A dimensionally consistent relation for the volume V of a liquid of coefficient of viscosity $\eta$ flowing per second through a tube of radius $r$ and length l and having a pressure difference p across its end, is

• A. $V = \frac{\pi pr^{4}}{8\eta l}$
• B. $V = \frac{\pi\eta l}{8pr^{4}}$
• C. $V = \frac{8p\eta l}{\pi r^{4}}$
• D. $V = \frac{\pi p\eta}{8lr^{4}}$

Answer 1

Answer: (A)

$V = \frac{\pi pr^{4}}{8\eta l}$

Answer 2

Given V = Rate of flow =$\frac{\text{Volume }}{\text{sec}} = \lbrack L^{3}T^{- 1}\rbrack$,

P = Pressure = $\lbrack ML^{- 1}T^{- 2}\rbrack$, r = Radius = [L]

$\eta$ = Coefficient of viscosity = $\lbrack ML^{- 1}T^{- 1}\rbrack$, l = Length = [L]

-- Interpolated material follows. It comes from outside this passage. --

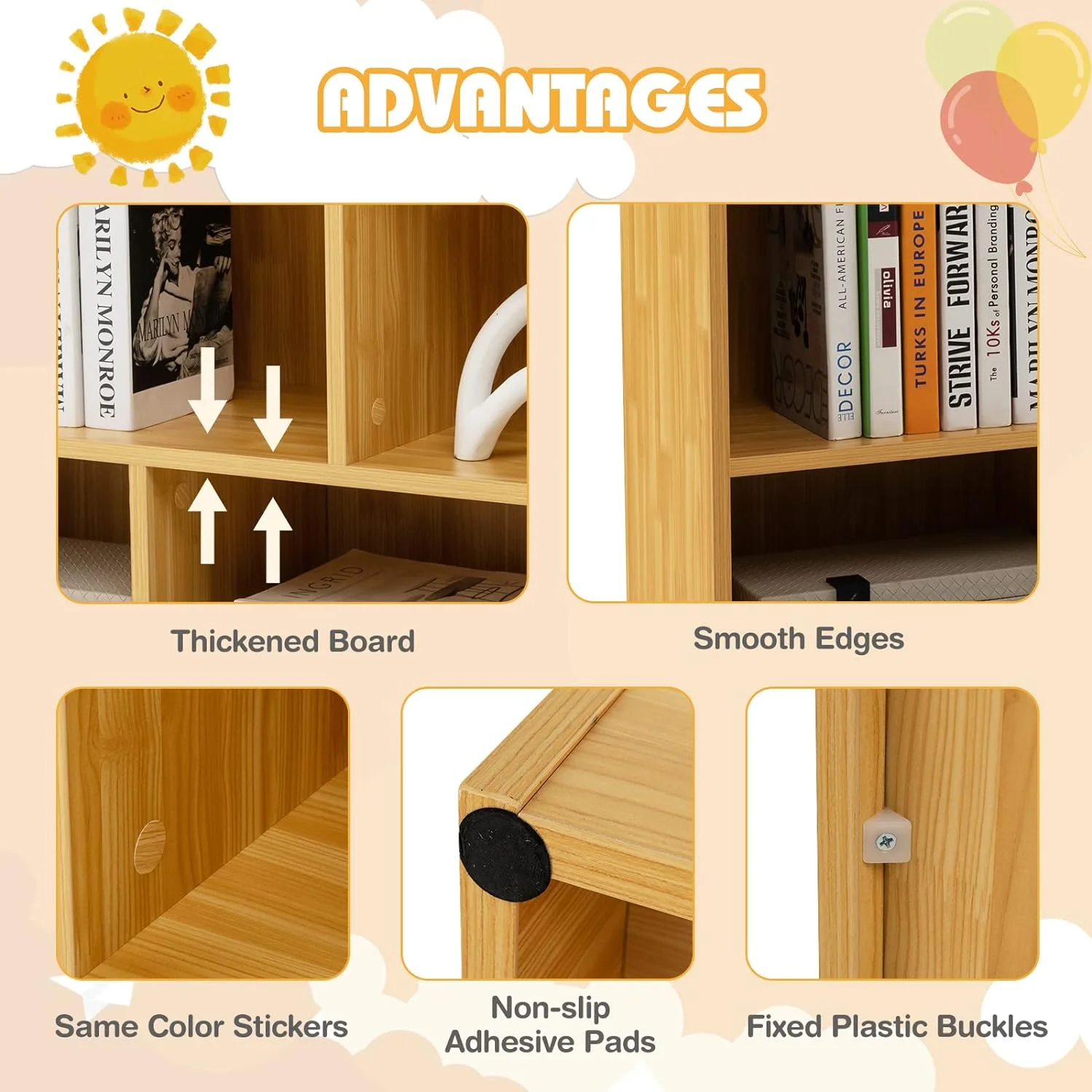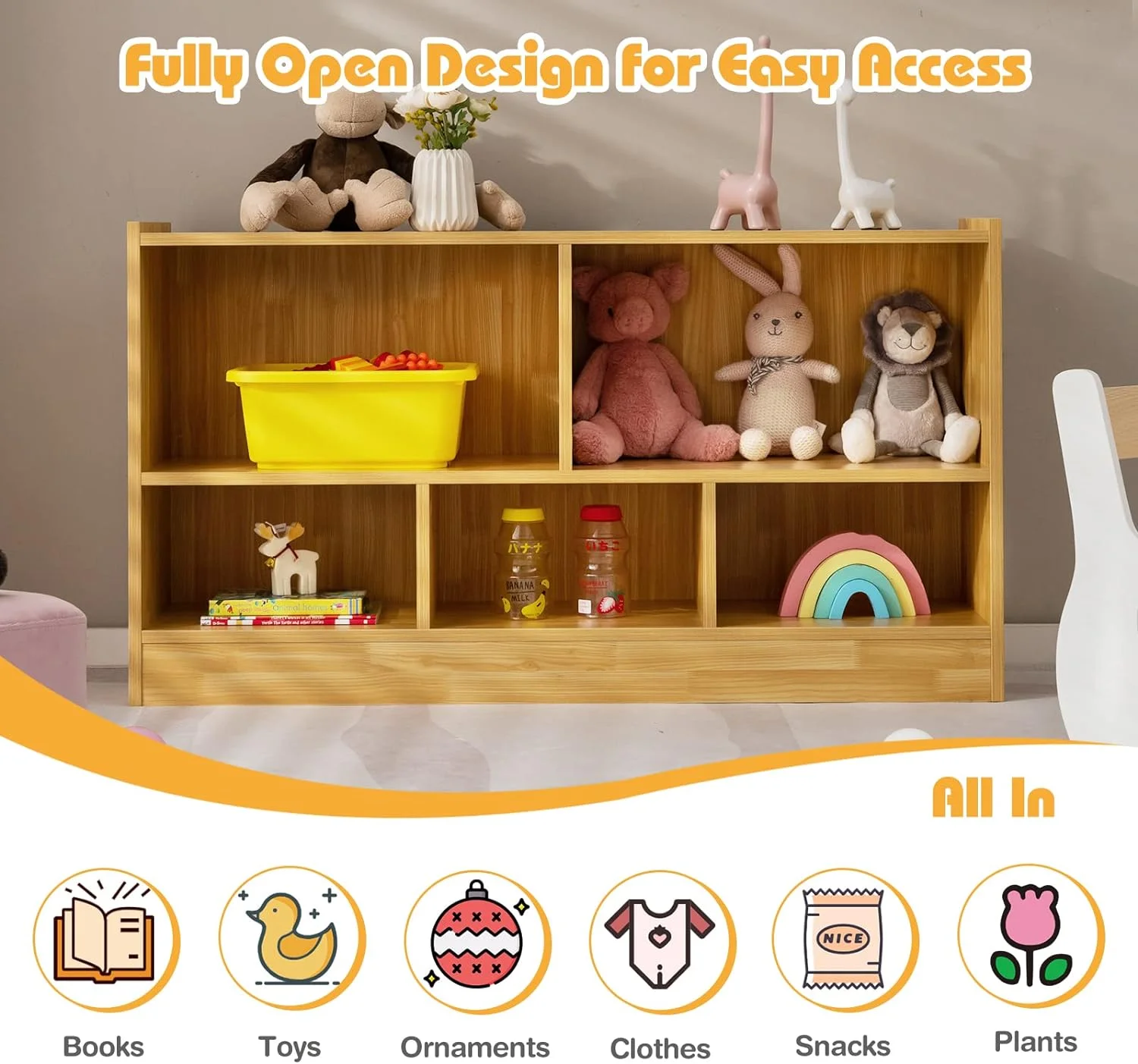 Kids Toy Storage Organizer, 5-Section Storage Daycare Shelf for Preschool, Children 2-Tier Open Wooden Display Book Shelf Organizer for Classroom, Playroom & Nursery, Kindergarten(Wood)

By substituting the dimension of each quantity we can check the accuracy of the formula $V = \frac{\pi Pr^{4}}{8\eta l}$

$\therefore$ $\lbrack L^{3}T^{- 1}\rbrack = \frac{\lbrack ML^{- 1}T^{- 2}\rbrack\lbrack L^{4}\rbrack}{\lbrack ML^{- 1}T^{- 1}\rbrack\lbrack L\rbrack}$ = $\lbrack L^{3}T^{- 1}\rbrack$

L.H.S. = R.H.S. i.e., the above formula is Correct**.**